“I’ve been expecting you.”

These were the last words of Blessed Giuseppe “Pino” Puglisi on September 15th, 1993 – his 56th birthday – just before he was killed outside his home by a single bullet shot from point-blank range.

Puglisi was born in the rough working-class neighborhood of Palermo in Italy in 1937 to a family of modest means, his father a shoemaker and his mother a dressmaker. At the age of just 16, he entered the seminary and was ordained at 22.

He was ordained by Cardinal Ruffini, also from Palermo. Ruffini downplayed the threat of the Mafia, questioning their very existence and saying “so far as I know, it could be a brand of detergent.”

Father Pino, knowing the violence of the mafia all too well, responded in turn by saying: “we must criticize the church when we feel it doesn’t respond to our expectations, because it’s absolutely right to seek to improve it – but we should always criticize it like a mother, never a mother-in-law!”

30 years later, Pino returned to his old neighborhood and became the pastor of San Gaetano’s Parish despite being offered parishes in less crime-stricken areas.

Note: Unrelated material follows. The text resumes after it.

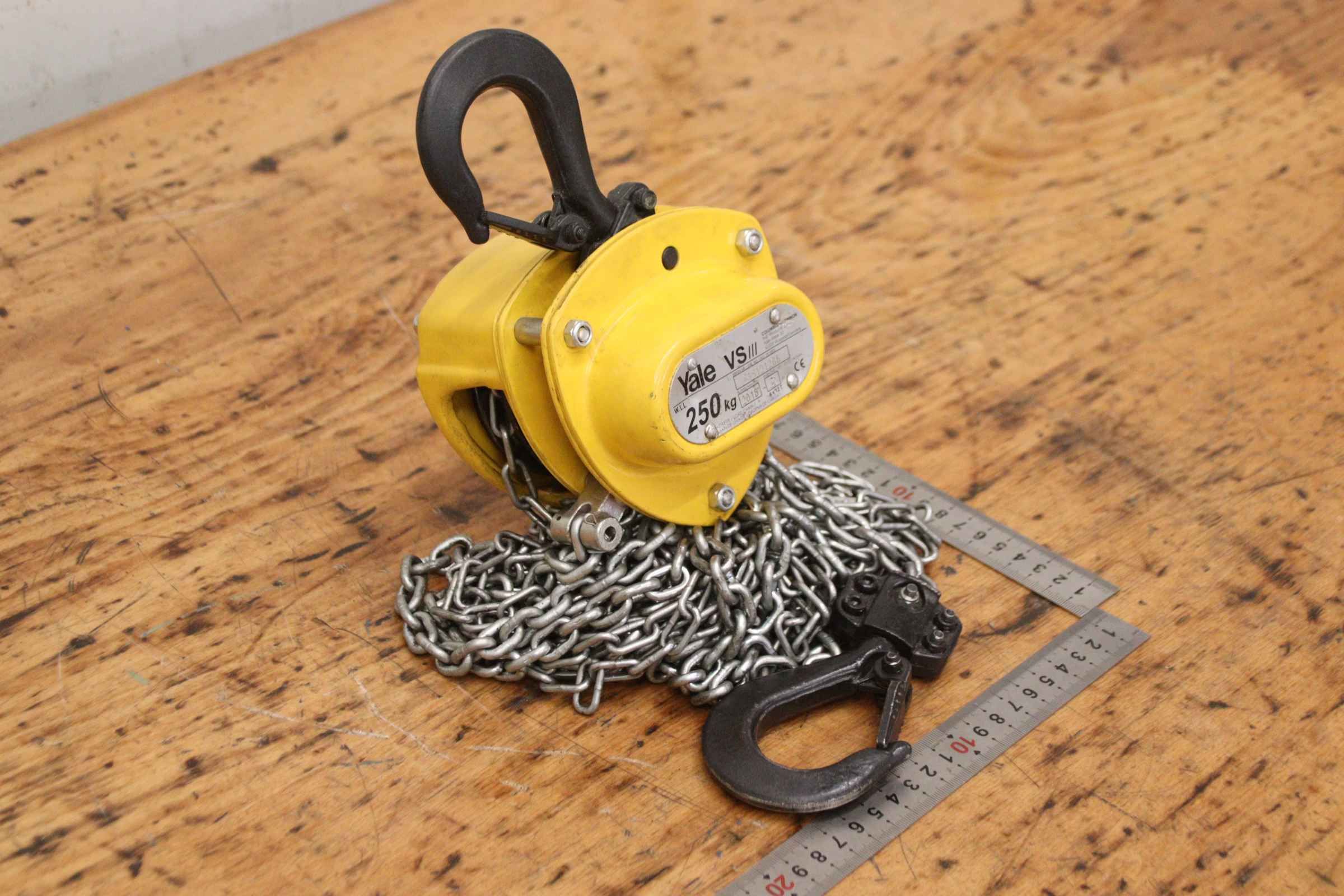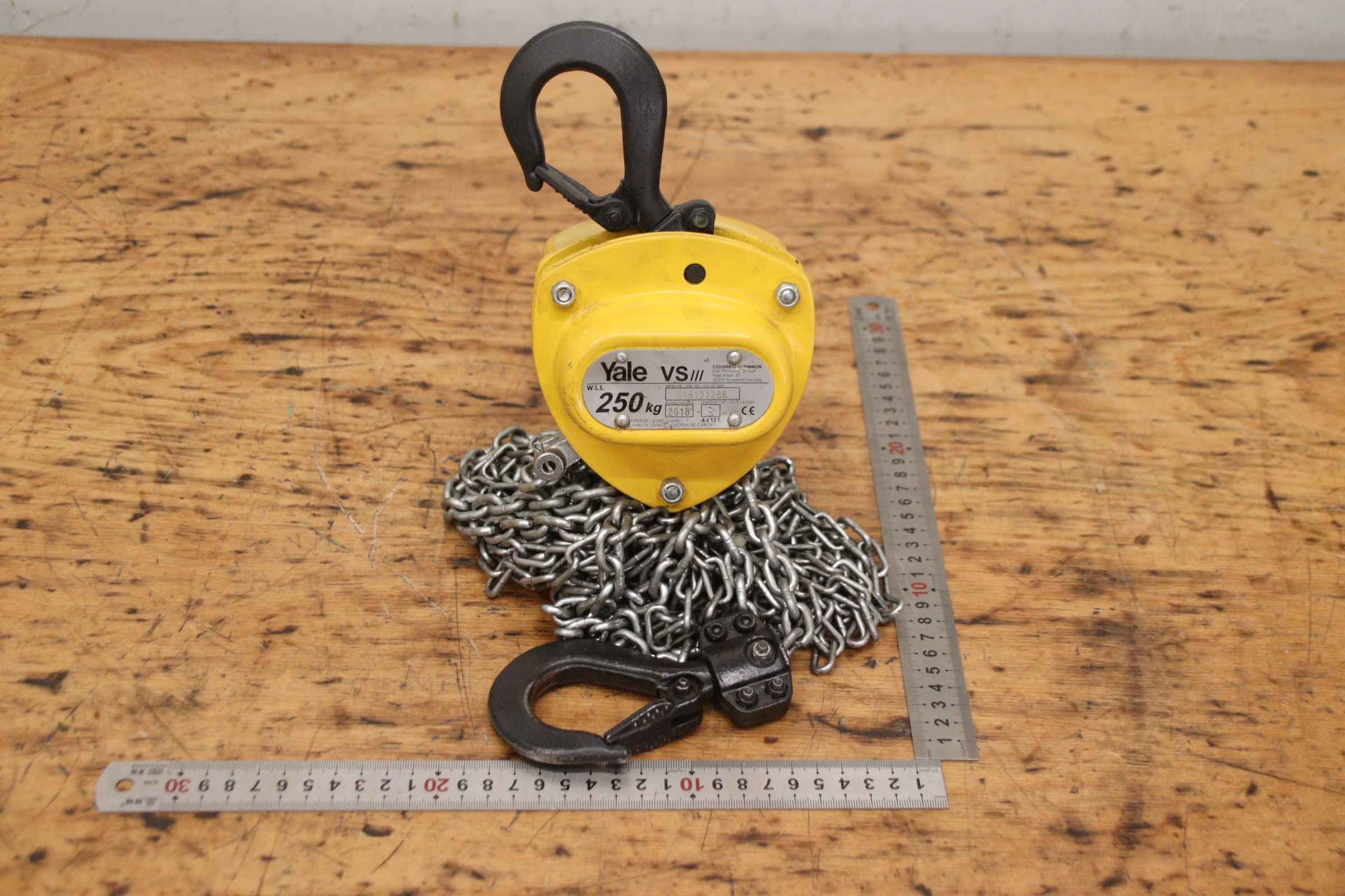 Hebelzug, Kettenzug, Kran, Montagezug, Montagekettenzug, Stirnradflaschenzug -Hersteller: Yale, Kettenzug Stirnradflaschenzug Typ VS -Tragkraft: 250 kg -Kettenlänge:3 m -Anzahl: 1 Stück -Transportabmessungen: 350/180/H120 mm -Gewicht: 4,9 kg

He became an Antimafia champion, encouraging his parishioners to change their mentality of fear, passivity, and silence. His sermons included pleas to give leads to authorities about the Mafias doings and encouragements for children to stay in school and stay out of trouble. He refused to let the Mafia lead religious processions even when offered money, and once even declined a contract by a Mafia-led construction company to restore his church.

His works angered the Mafia, who sent assassins to his home and had him killed to the shock of all of Italy.

When Pope Saint John Paul II visited Sicily a little over a year later, he praised Pino as a “courageous exponent of the Gospel” and urged them not to let his death be in vain, echoing Pino’s message the silence is tantamount to complicity.

In 1999, Pino was proclaimed a Servant of God and in 2012 Benedict XVI said he was killed “in hatred of the faith,” paving the way for his beatification by Pope Francis in 2013 who condemned the Mafia and called him “an exemplary priest and a martyr.”

Pino left an Antimafia legacy that persists to this day. His favorite rhetorical phrase – se ognuno fa qualcosa, allora si può fare molto meaning if everyone does something, then we can do a lot – is scrawled on walls all over his home town.